◆ **WHAT IS EXPECTED**:
When you reach the line containing "Men's Faith Cross", repeat that line and each one after it exactly until the records end, leaving out pictures.
#### THE DATA ####
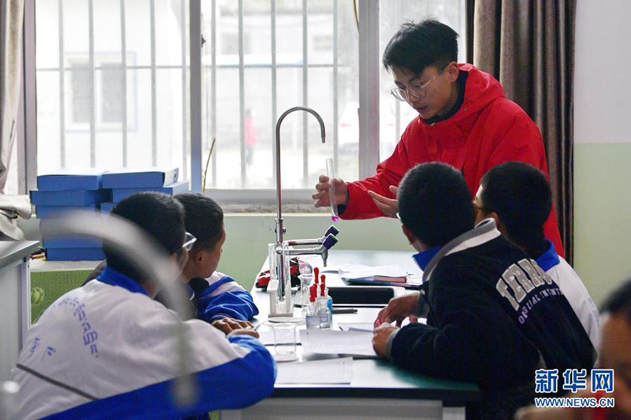 在山南市东辉中学实验室,来自湖北大学化学化工学院的硕士研究生刘思江指导学生做化学实验(3月29日摄)。(新华社记者 张汝锋/摄)
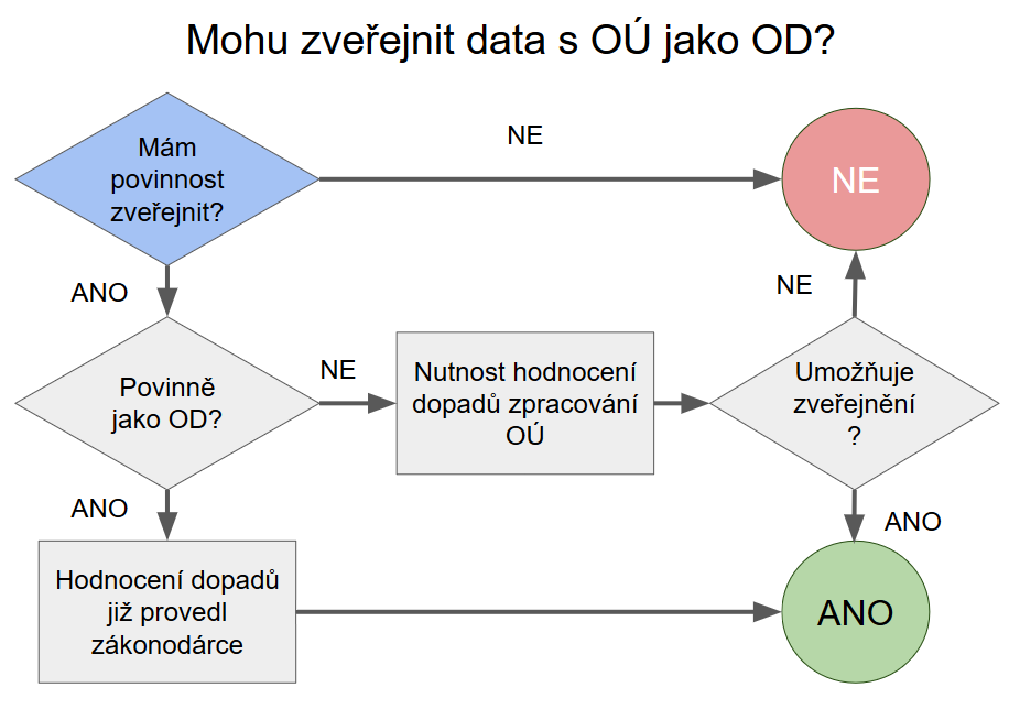 Tuto otázku je tedy možné shrnout tak, že poskytování otevřených dat, které obsahují osobní údaje je možné pouze tehdy, pokud se jedná o zveřejňování, které správci ukládá zákon, nebo ke kterému je zákonem zmocněn. Ze stanoviska Pracovní skupiny WP 29 (nyní Evropský sbor pro ochranu osobních údajů) vyplývá, že před zveřejněním takových informací v podobě otevřených dat je třeba provést zhodnocení dopadů tohoto zveřejnění na subjekty údajů a jejich chráněná práva. Vzhledem k tomu, že poskytování osobních údajů jako otřevřených dat je možné pouze na základě zákonného zmocnění, musí toto zhodnocení proběhnout na úrovni zákonodárce, který jednoznačně stanoví povinnost poskytovat některé informace jako otevřená data (například prostřednictvím nařízení vlády č. 425/2016 Sb., o seznamu informací zveřejňovaných jako otevřená data). Navrhovaný zákon o zpracování osobních údajů v § 10 navíc výslovně uvádí, že správce údajů nemusí provádět posouzení vlivu zpracování na ochranu osobních údajů před jeho zahájením, pokud mu právní předpis stanoví povinnost takové zpracování osobních údajů provést.
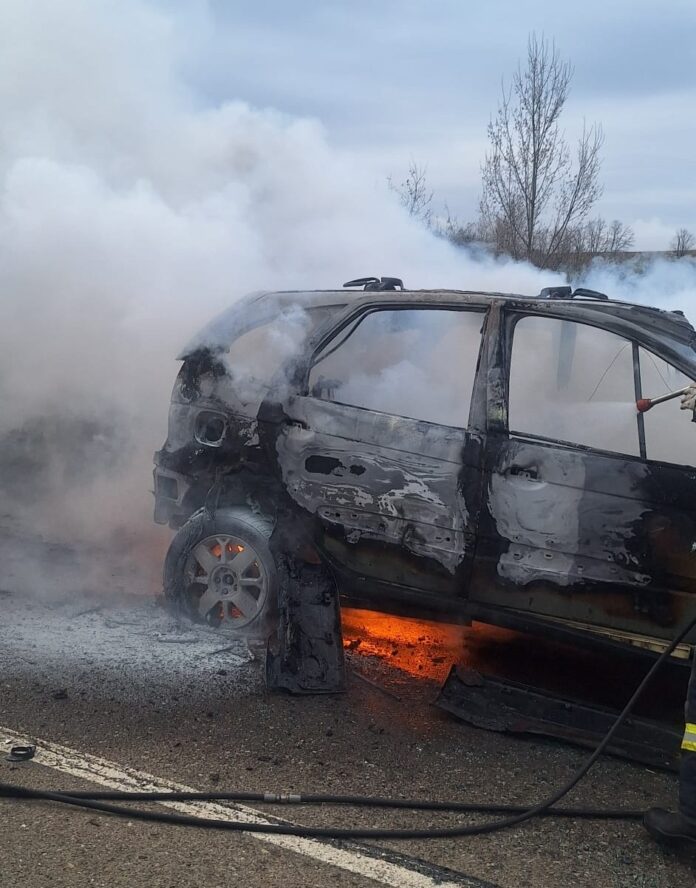 Autoturismul a fost distrus de flăcări, însă pompierii militari au localizat și lichidat incendiul în siguranță, îndepărtând orice pericol.
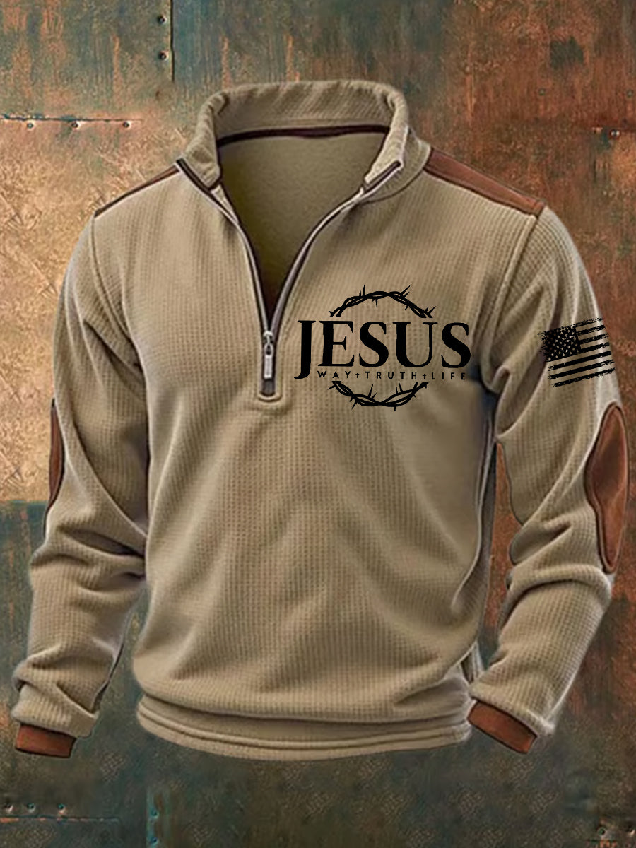 Men's Faith Cross Print Zipper Stand Collar Sweatshirt
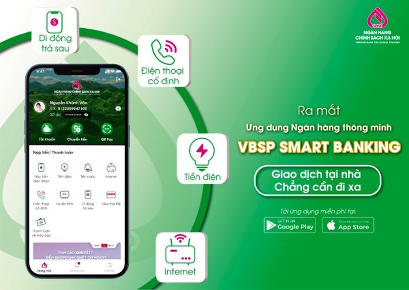 Các dịch vụ tài chính Ngân hàng Chính sách xã hội cung cấp cho khách hàng, gồm: Dịch vụ chuyển tiền (chuyển tiền nội bộ Ngân hàng Chính sách xã hội cùng chủ tài khoản, khác chủ tài khoản; chuyển tiền nhanh 24/7 đến số tài khoản, đến số thẻ mở tại các ngân hàng khác; chuyển tiền ủng hộ và các dịch vụ chuyển tiền khác); dịch vụ thanh toán (thanh toán hóa đơn: Tiền điện, tiền nước, cước viễn thông, vé tàu, vé máy bay, học phí, phí bảo hiểm; nạp tiền điện thoại, ví điện tử, nộp thuế); dịch vụ thanh toán QR Pay (thanh toán bằng mã QR trên ứng dụng VBSP SmartBanking, cho phép khách hàng thanh toán cho các nhà cung cấp thông qua tính năng quét mã QR trên ứng dụng Mobile Banking).
####
◆ **SOLUTION FOR THIS TASK**:
 Men's Faith Cross Print Zipper Stand Collar Sweatshirt
 Các dịch vụ tài chính Ngân hàng Chính sách xã hội cung cấp cho khách hàng, gồm: Dịch vụ chuyển tiền (chuyển tiền nội bộ Ngân hàng Chính sách xã hội cùng chủ tài khoản, khác chủ tài khoản; chuyển tiền nhanh 24/7 đến số tài khoản, đến số thẻ mở tại các ngân hàng khác; chuyển tiền ủng hộ và các dịch vụ chuyển tiền khác); dịch vụ thanh toán (thanh toán hóa đơn: Tiền điện, tiền nước, cước viễn thông, vé tàu, vé máy bay, học phí, phí bảo hiểm; nạp tiền điện thoại, ví điện tử, nộp thuế); dịch vụ thanh toán QR Pay (thanh toán bằng mã QR trên ứng dụng VBSP SmartBanking, cho phép khách hàng thanh toán cho các nhà cung cấp thông qua tính năng quét mã QR trên ứng dụng Mobile Banking).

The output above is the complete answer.